Typical content processing includes virus scanning, web-access
filtering, anti-spam filtering etc. The actual form of the content
processing is not a feature of the present invention.
[0026] In the preferred implementation, the system is distributed
as follows:
[0027] 1) a client-side DME on the subscriber's PC (web page, web
with JavaScript, web with ActiveX control, web page with Java etc)
which provides user feedback during the file filtering and
downloading process; and,
[0028] 2) a delivery mechanism for the client-side DME residing
within the networked-based device such that it arrives on the
subscriber's PC and is executed.
[0029] The client-side DME may become resident on the subscriber's
PC by one of three methods described below, although others are
possible:
[0030] i. the client-side DME is served to the subscriber's PC each
time content is downloaded by the subscriber;
[0031] ii. the client-side DME is initially served to the
subscriber PC, which then stores this entity in its cache for
future use. The client-side DME is not served again until it no
longer exists in the subscriber's PC cache; or
[0032] iii. the client-side DME is permanently installed on the
subscriber's PC. A DME installer served to the subscriber PC when
content is first downloaded may install the DME in this case.

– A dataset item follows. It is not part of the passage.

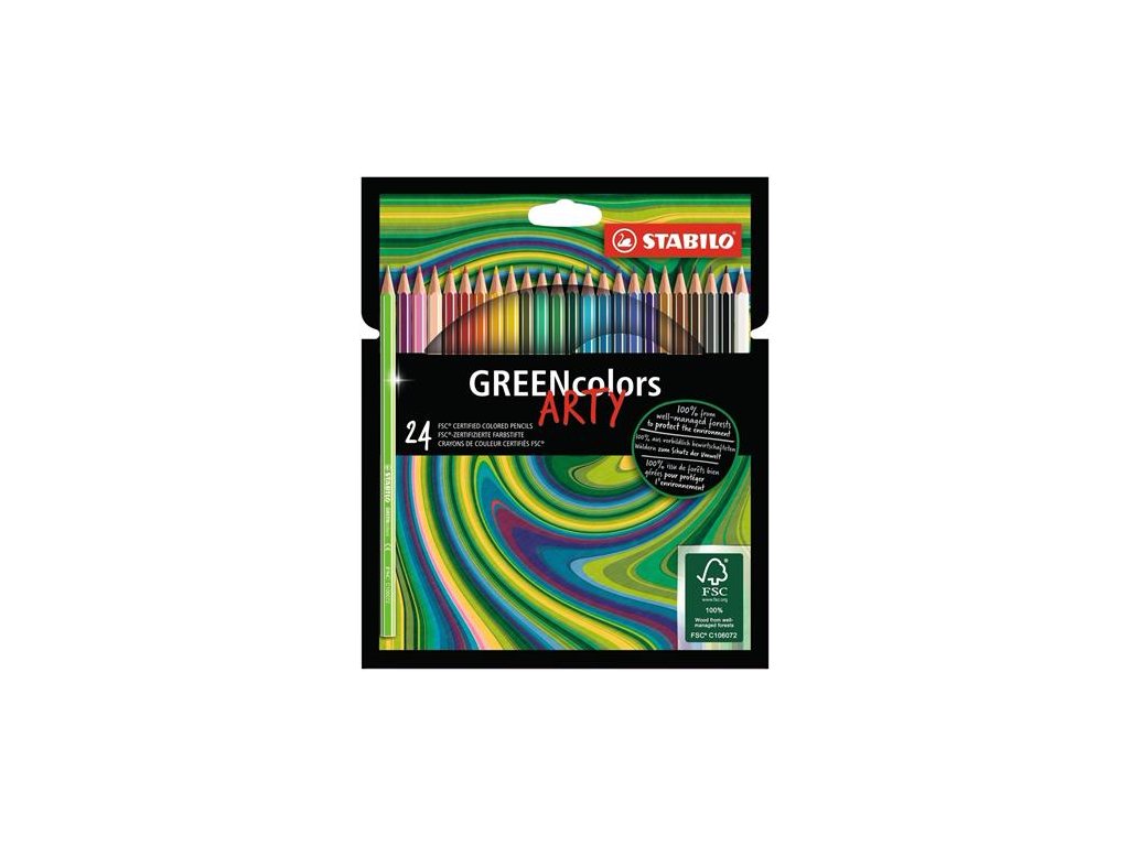 Farebné ceruzky, sada, šesťhranný tvar, STABILO "GreenColors ARTY", 24 rôznych farieb

[0033] In one implementation of the present invention, the user
clicks on a web page link to perform a file download and the
subscriber's PC sends an HTTP GET request to the web server. The
web server returns the file, which is deemed appropriate for
processing by a content security gateway (CSG) acting as a proxy.
Since the associated filtering operation implemented by the CSG may
require visibility of the entire file before it can be passed as
acceptable, the actual file is initially substituted by a DME and
the user instead receives this. As part of the substitution
process, the user's browser is then directed by the CSG to load and
execute the DME. This may be achieved, for example, by changing the
MIME Type from that of the original content to
application/octet-stream, or by modifying the filename extension.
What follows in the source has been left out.